Speaking at the annual convention of the Kansas City, Mo.-based National Association of Professional Surplus Lines Offices yesterday, NAPSLO president James Griffith was referring to a provision of the Act which requires carriers to offer terrorism insurance that expires this year.

"NAPSLO believes that the cost of documenting the vast number of rejections of this insurance is substantial, perhaps in the tens of millions of dollars," said Mr. Griffith, who is also the president of Princeton Risk Managers, a N.J.-based wholesale brokerage.

"Compared to the few [insureds] accepting TRIA coverage, the cost is not justified and the mandatory offer of coverage should not be renewed," he said, voicing the position of the organization of surplus lines brokers and insurers.

Mr.
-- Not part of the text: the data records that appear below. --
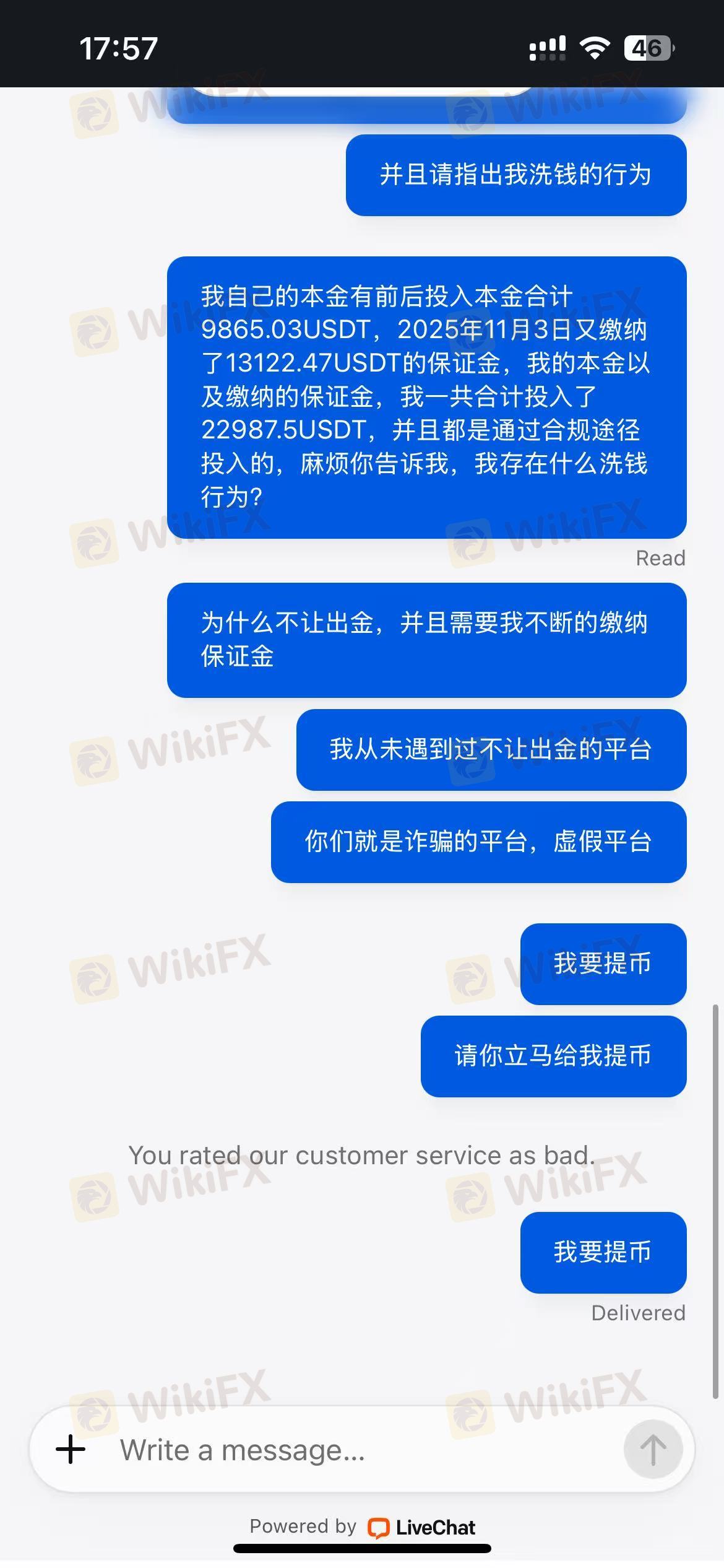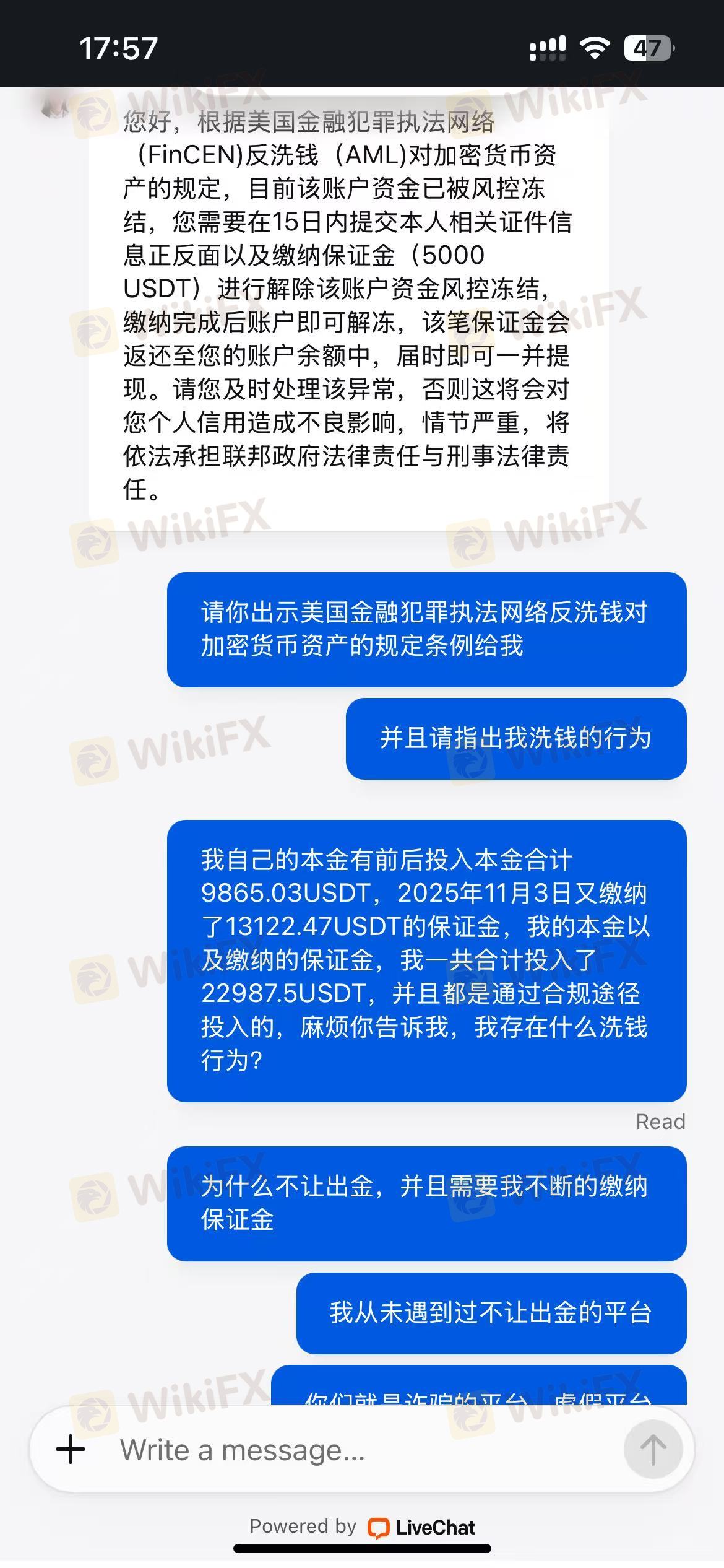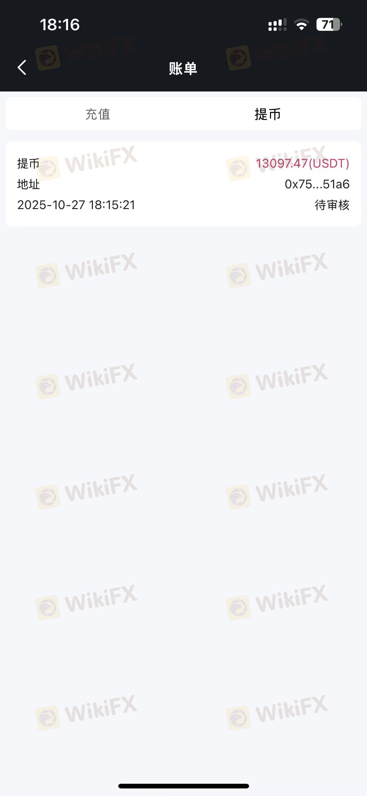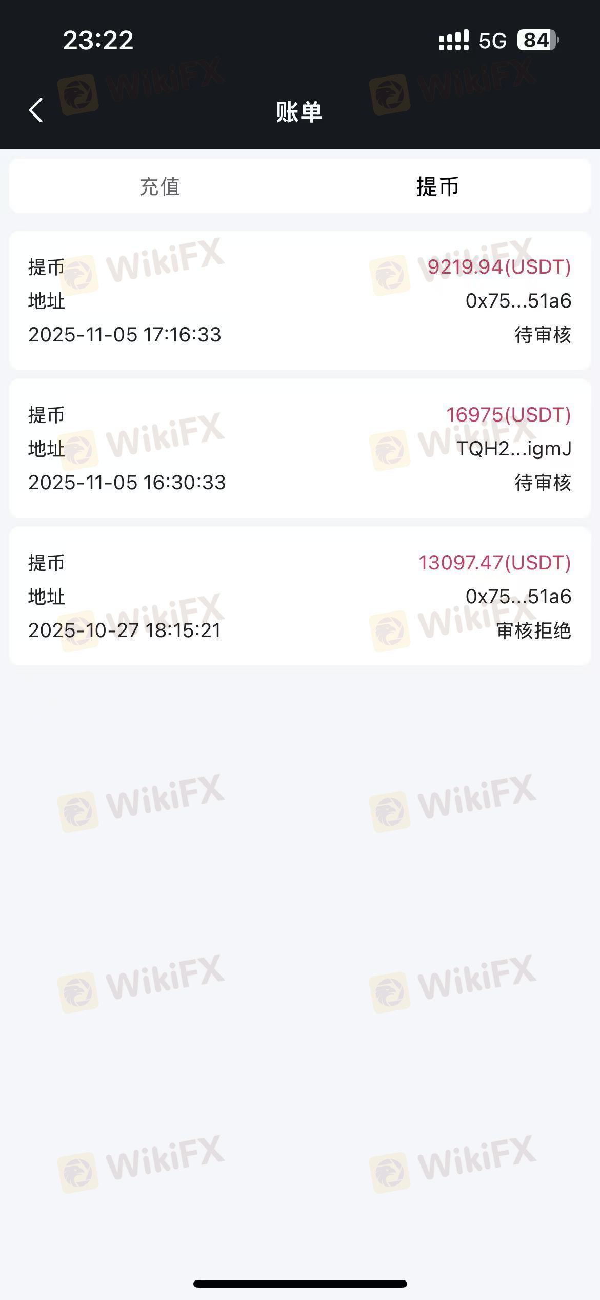 Hindi makapag-withdraw, kailangang patuloy na magbayad ng margin, at ang customer service ay hindi rin direktang sumasagot sa mga tanong. Ang unang pag-withdraw noong Oktubre 27, 2025 ay tinanggihan dahil sa hindi sapat na turnover at kailangan kong magbayad ng margin. Ang pangalawang pag-withdraw noong Nobyembre 4, 2025 ay tinanggihan din dahil sa alegasyon ng money laundering at kailangan kong magbayad muli ng 5000 USDT na margin. Sa madaling salita, hindi pinapayagan ang pag-withdraw at maaari pang i-freeze ang aking account. Kabuuan ng aking naipasok ay 22987.5 USDT.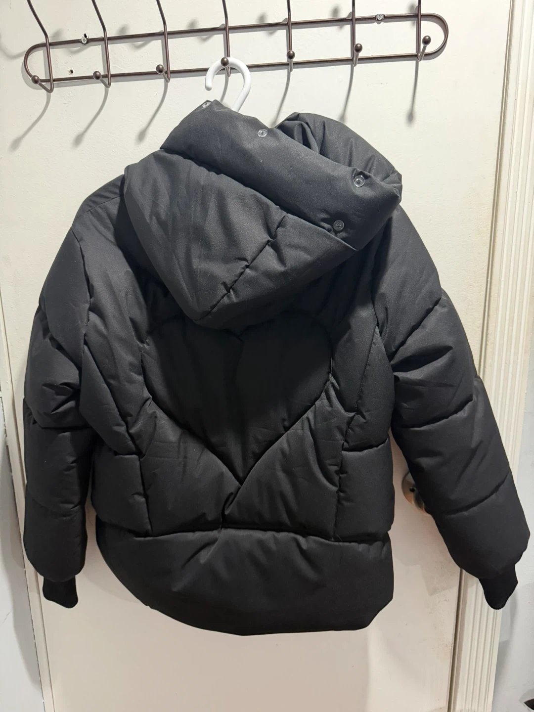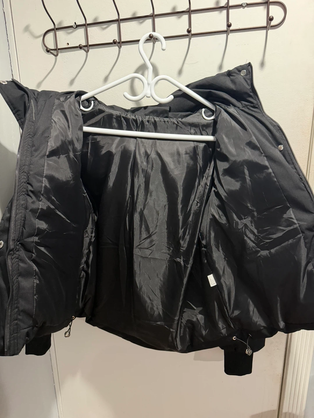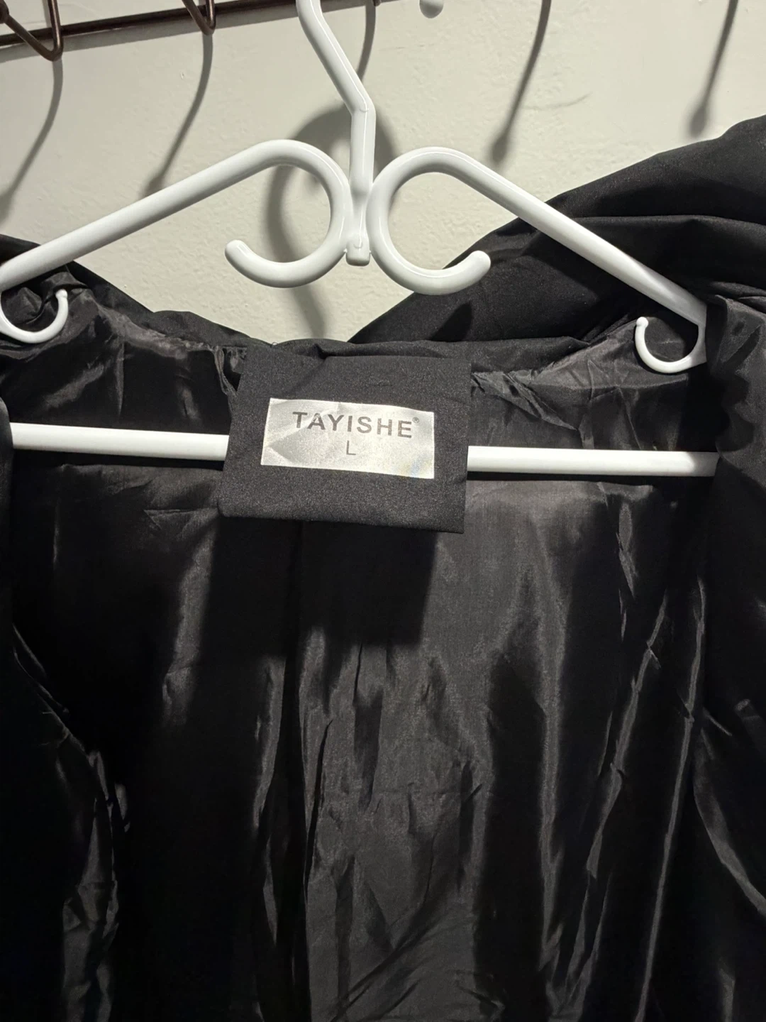 This is a black puffer jacket by TAYISHE. It's a size large with a hood. The jacket has a zippered front and pockets.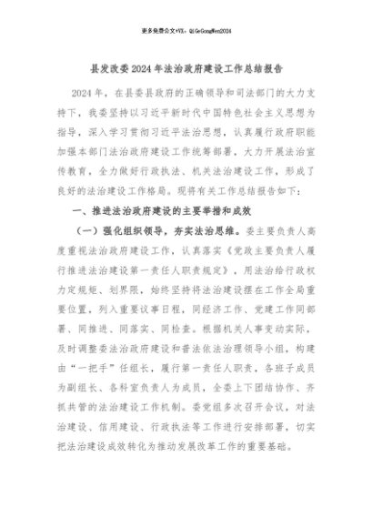 / 【七哥公文】2024年:县发改委2024年法治政府建设工作总结报告+更多免费公文+VX:QiGeGongWen2024
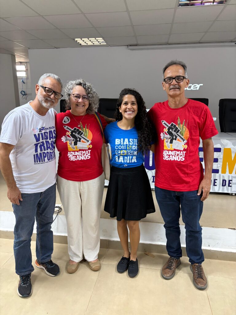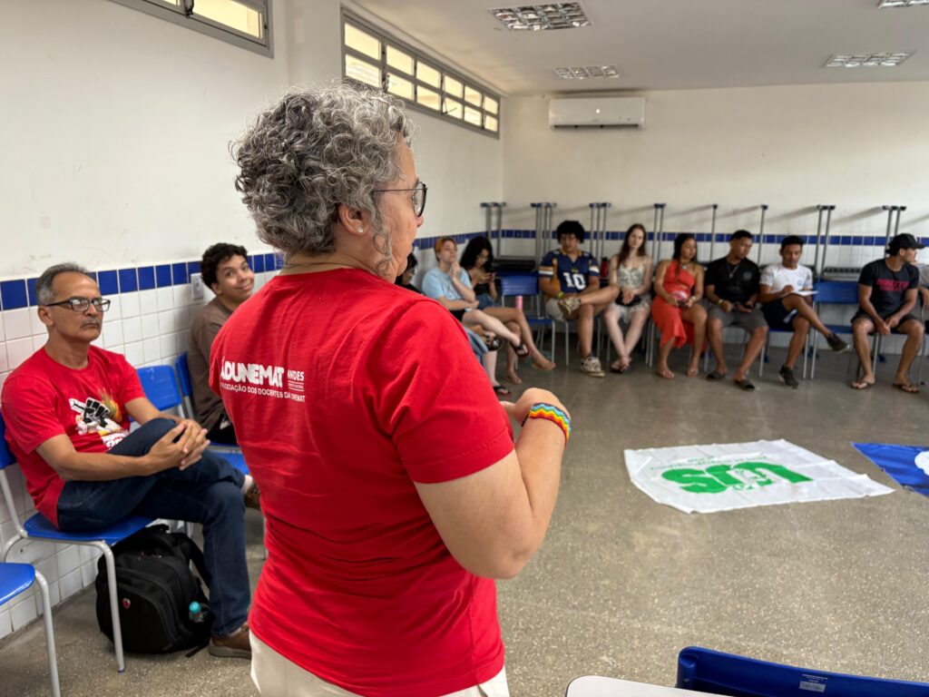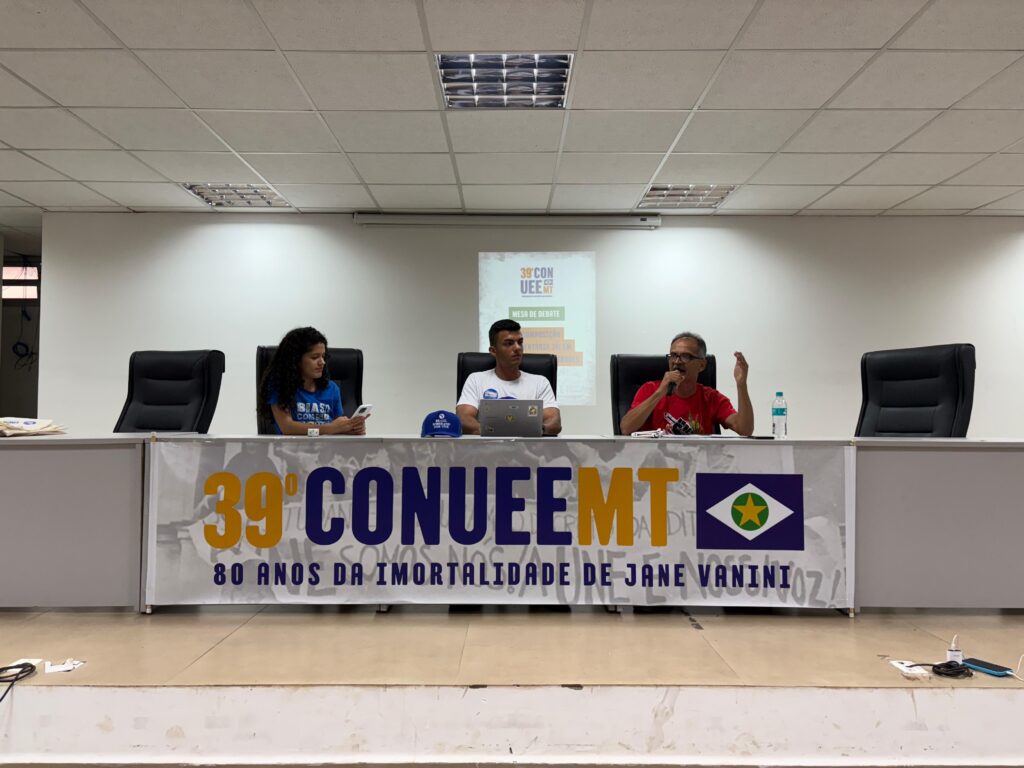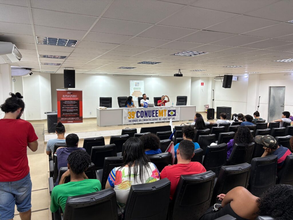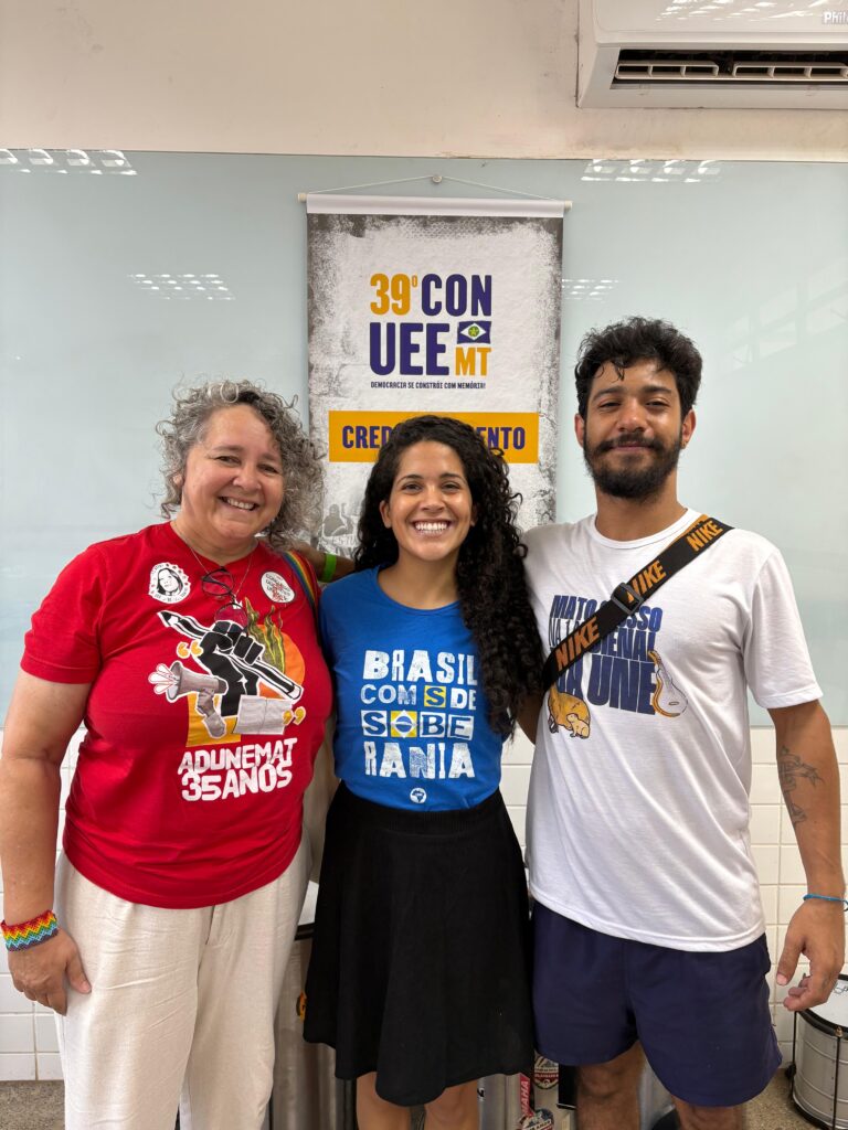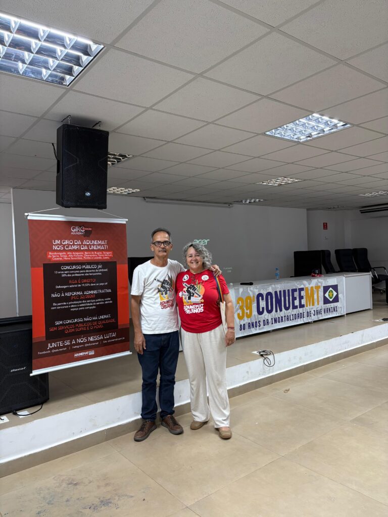 Em Cáceres, a passagem da ADUNEMAT coincidiu com a realização do CONUEE-MT (Congresso da União Estadual dos Estudantes de Mato Grosso), sediado na UNEMAT. A presidente Luciene Neves e o tesoureiro-geral Domingos Sávio participaram da programação oficial, levando à plenária o posicionamento da ADUNEMAT sobre a valorização da educação pública, o protagonismo de pessoas negras, LGBTQIAPN+ e povos tradicionais no ensino superior, o financiamento das universidades estaduais e a importância da unidade entre o movimento estudantil e o movimento docente.

Griffith was followed to the podium by William S. Cohen, former Secretary of Defense, who gave a frightening list of all-too-real terror possibilities that the nation could face on any given day.

"We're witnessing the intersection of terror and technology," Mr. Cohen said, reviewing scenarios involving the loss of radar communications monitoring air traffic in major U.S. cities, the takedowns of satellites that the United States uses to monitor military activities abroad, and other possibilities.